▶ To do: Would you please repeat exactly the entries below, starting at the line with "Beautiful bouquet of" and ending at the line with "2 接入交换机接口配置(删除接口认证也不能上线)。", and nothing outside that range? Leave out the pictures.

▶ Dataset extract:
========================================================================
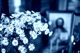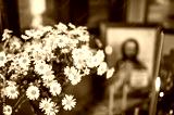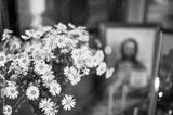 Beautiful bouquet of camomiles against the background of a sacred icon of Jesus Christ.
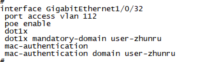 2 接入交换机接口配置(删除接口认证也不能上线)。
========================================================================
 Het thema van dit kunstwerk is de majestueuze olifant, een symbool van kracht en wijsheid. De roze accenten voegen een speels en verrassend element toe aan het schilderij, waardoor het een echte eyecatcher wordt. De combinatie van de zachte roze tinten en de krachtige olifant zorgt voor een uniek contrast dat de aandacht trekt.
========================================================================
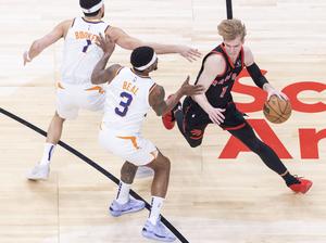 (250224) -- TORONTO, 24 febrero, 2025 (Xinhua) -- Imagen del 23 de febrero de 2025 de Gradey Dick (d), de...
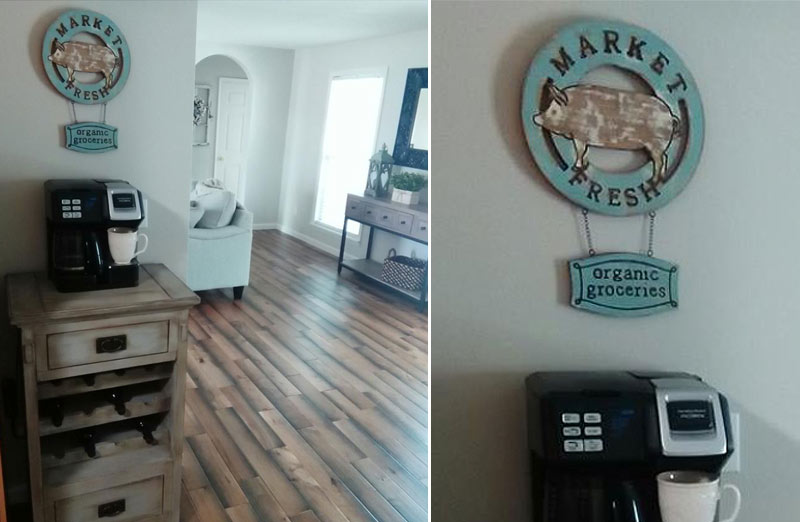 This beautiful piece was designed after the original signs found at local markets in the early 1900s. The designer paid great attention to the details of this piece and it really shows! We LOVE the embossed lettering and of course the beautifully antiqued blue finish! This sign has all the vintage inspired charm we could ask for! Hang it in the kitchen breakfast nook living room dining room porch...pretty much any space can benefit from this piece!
========================================================================
▶ Solution to this task:
 Beautiful bouquet of camomiles against the background of a sacred icon of Jesus Christ.
 2 接入交换机接口配置(删除接口认证也不能上线)。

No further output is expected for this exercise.